- **ASSIGNED TASK**:
Starting with the line that contains "В случае если", repeat exactly every line through the last one in the records below, and leave out the pictures.

(Excerpts from a dataset)
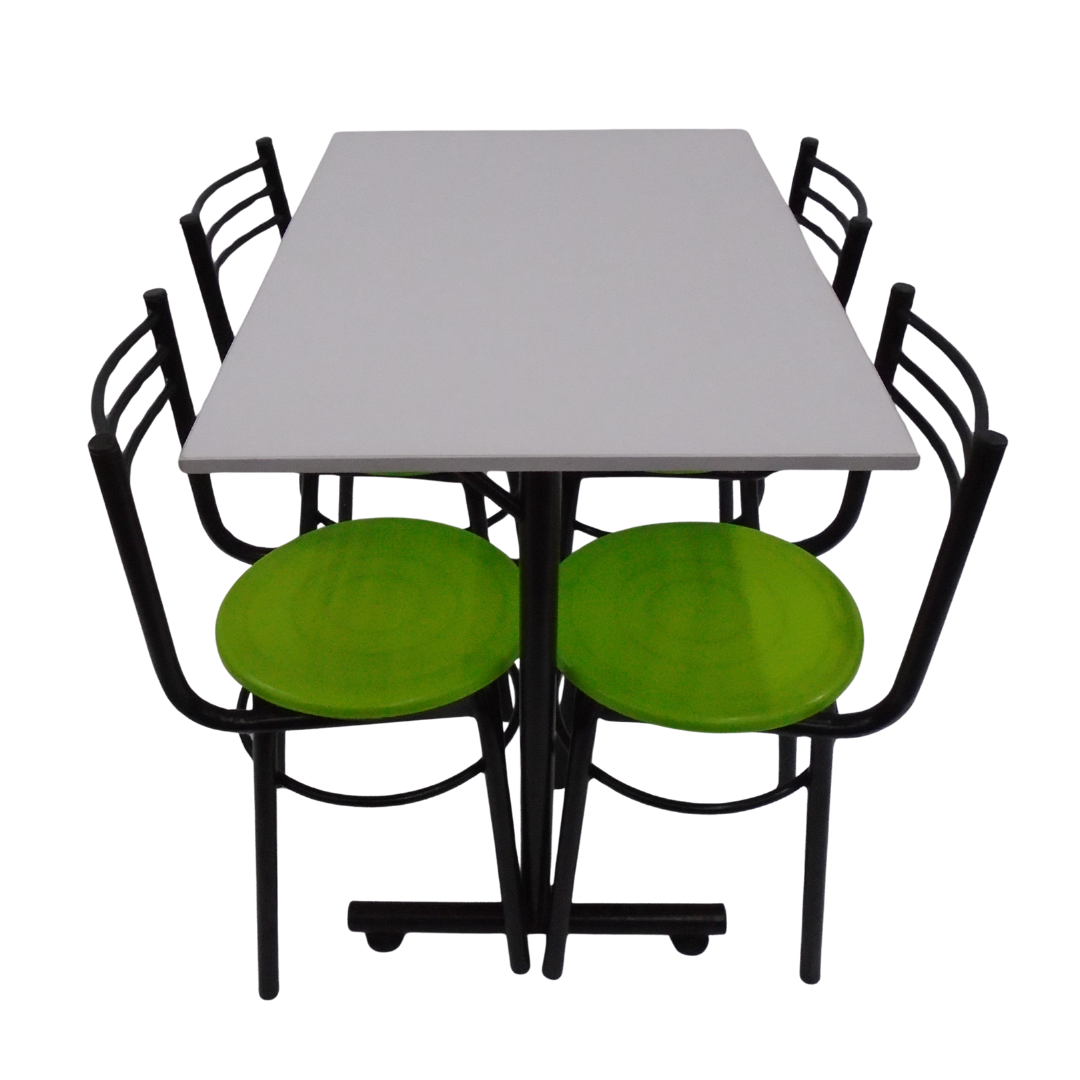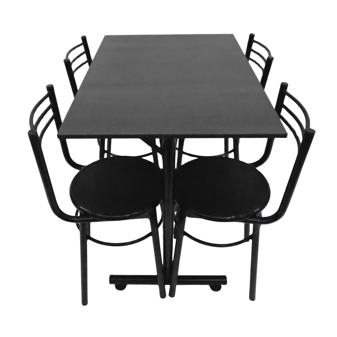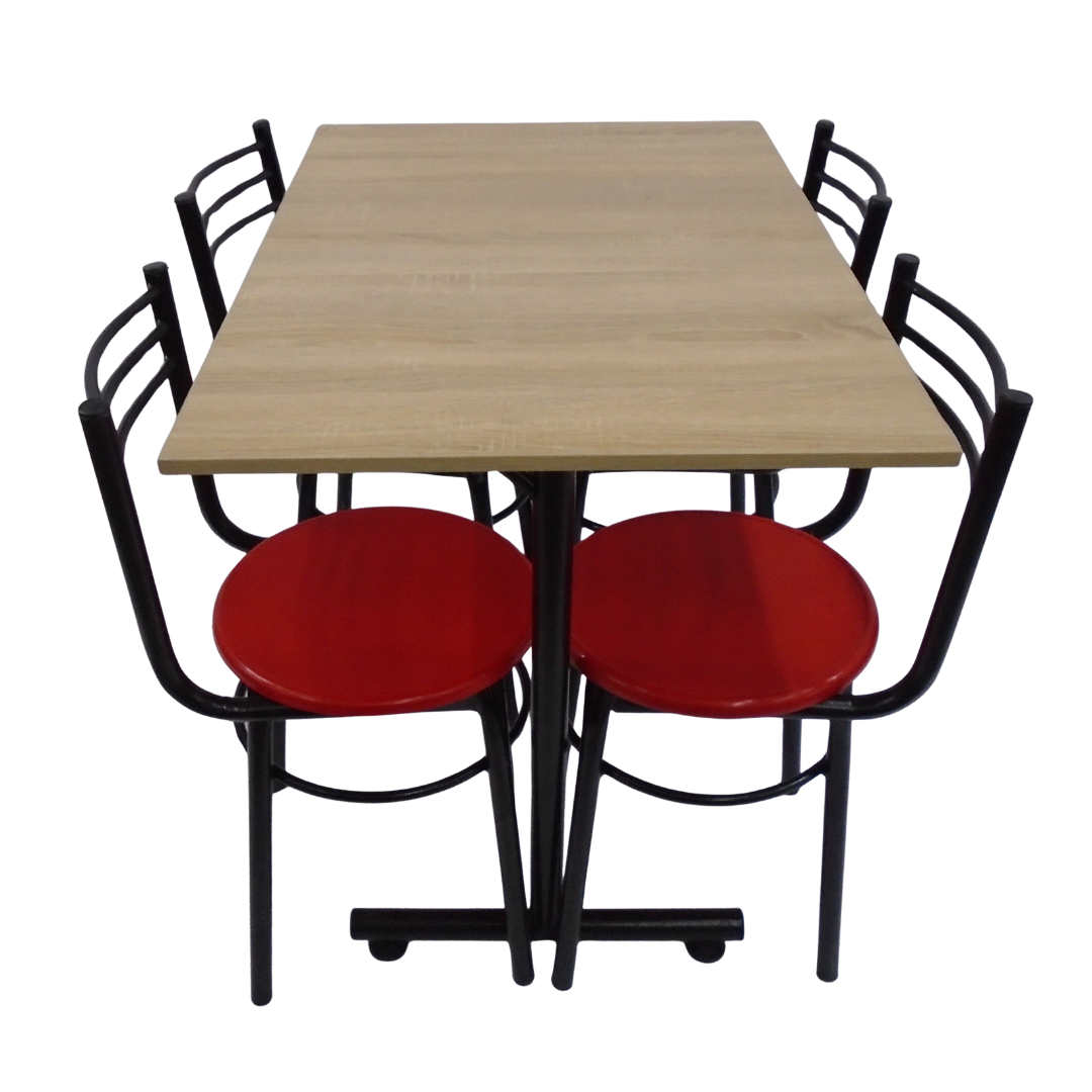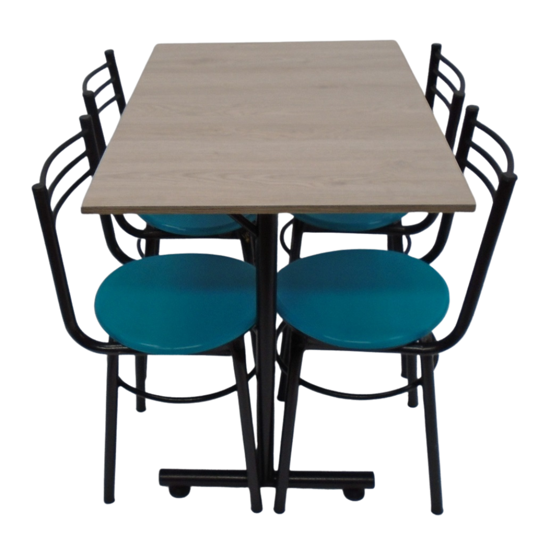 4 Sillas España con estructura metálica, sentadero plastico y mesa base H con tapa en madera de 90x60
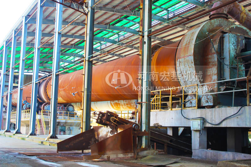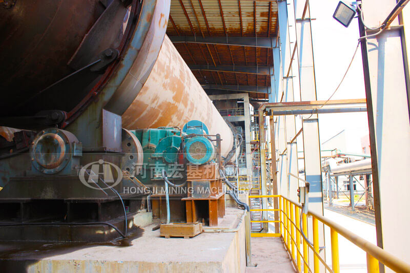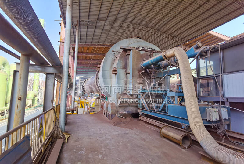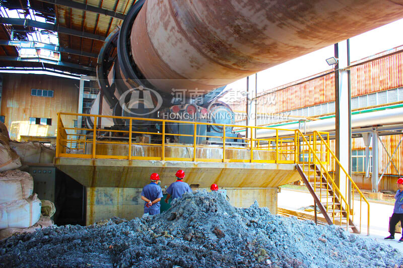 窯的出料口安裝一臺(tái)濕式球磨機(jī),高溫的物料進(jìn)入到球磨機(jī),同時(shí)向入磨溜子加入水分,物料在磨機(jī)內(nèi)部的高溫環(huán)境下,被磨成料漿,發(fā)生浸出反應(yīng),然后排出磨機(jī),進(jìn)入下一流程。磨內(nèi)水分蒸發(fā)產(chǎn)生的蒸汽,被窯頭的負(fù)壓抽吸到窯內(nèi)。
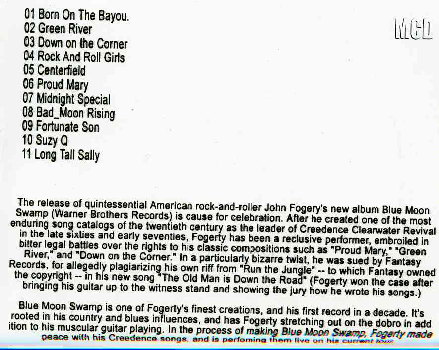 01 Born On The Bayou. 02 Green River 03 Down on the Corner 04 Rock And Roll Girls 05 Centerfield 06 Proud Mary 07 Midnight Special 08 Bad_Moon Rising 09 Fortunate Son 10 Suzy Q 11 Long Tall Sally
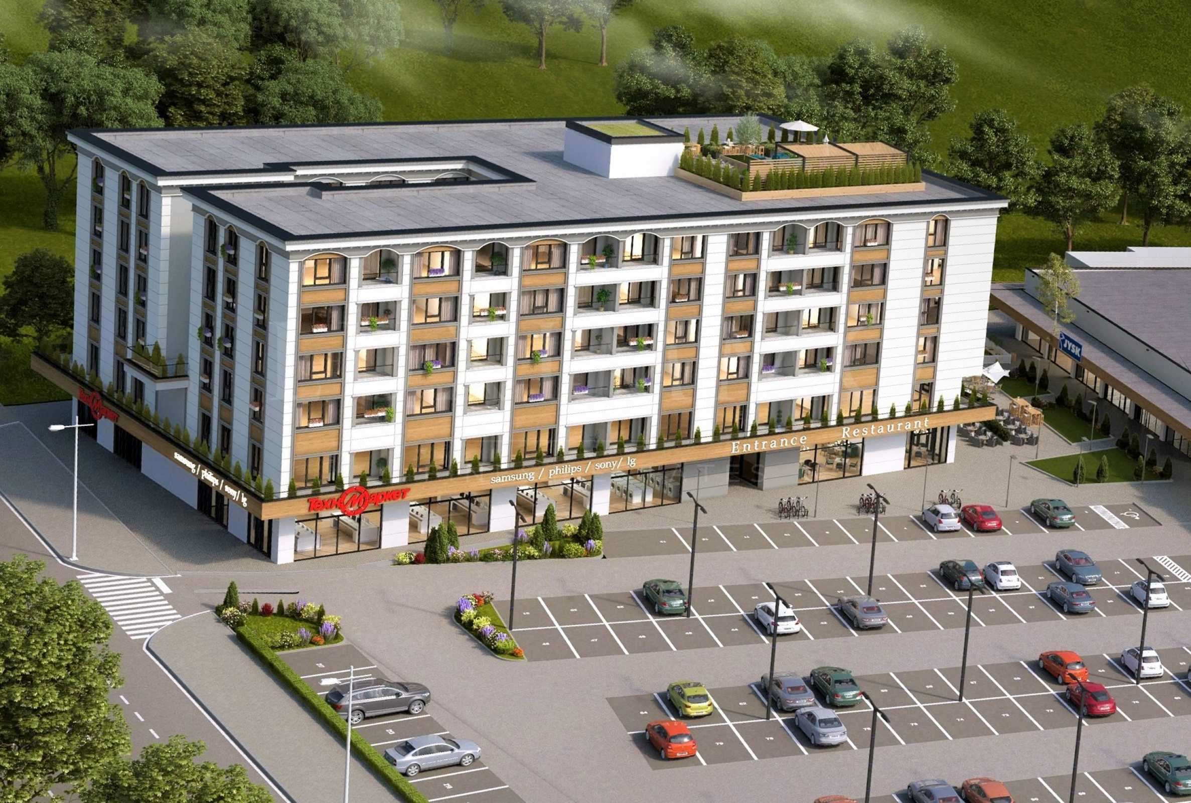 Разпределена на 6 етажа, сградата е със смесено предназначение. На ниво партер са разположени търговски обекти - магазини и ресторант, на 2-ри има налични 11 офиси, а от 3-ти до 6-и етаж е жилищната част с общо 60 апартамента. Има избор от двустайни и тристайни с функционални и просторни помещения, позволяващи обединение в по-големи апартаменти, а паркирането е решено с паркоместа и гаражи.
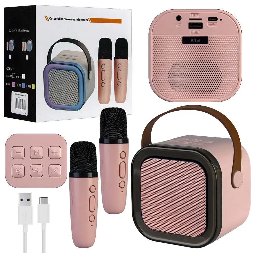 Портативная акустика с 2 микрофонами K12 Розовая
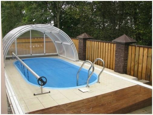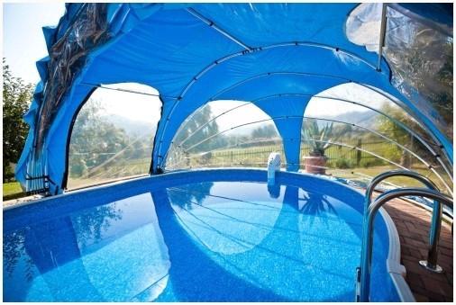 В случае если высота павильона больше двух метров, а площадь больше размеров самого бассейна, то павильон представляет собой отдельное помещение, которое возможно оборудовать системой отопления, и купаться в бассейне кроме того зимой.
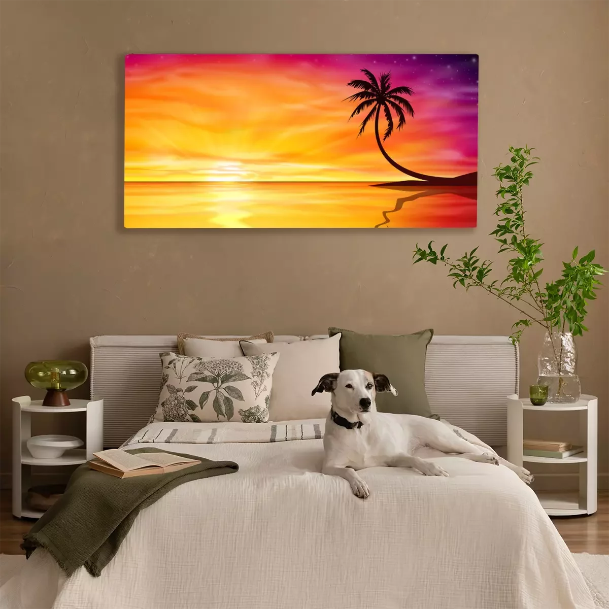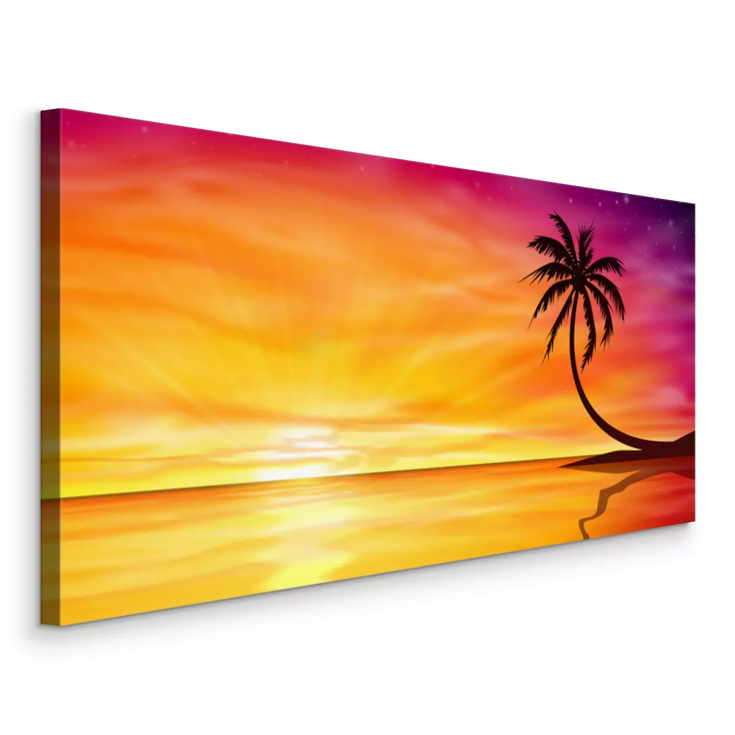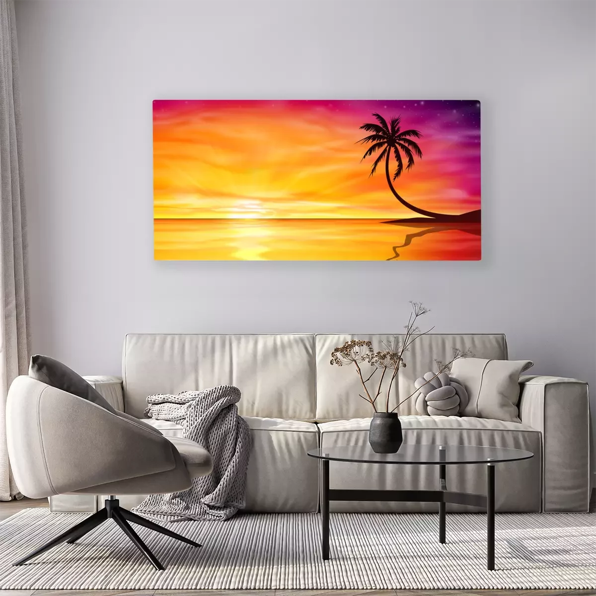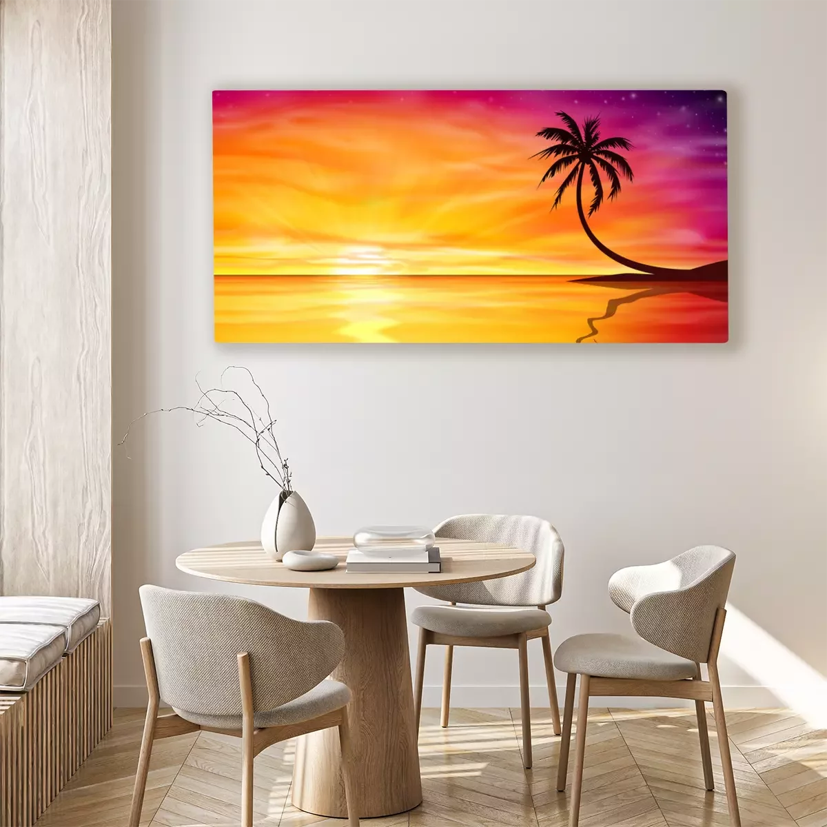 Tableau  Coucher de soleil, lever de soleil avec le palmier

- **WRITTEN ANSWER**:
 В случае если высота павильона больше двух метров, а площадь больше размеров самого бассейна, то павильон представляет собой отдельное помещение, которое возможно оборудовать системой отопления, и купаться в бассейне кроме того зимой.
 Tableau  Coucher de soleil, lever de soleil avec le palmier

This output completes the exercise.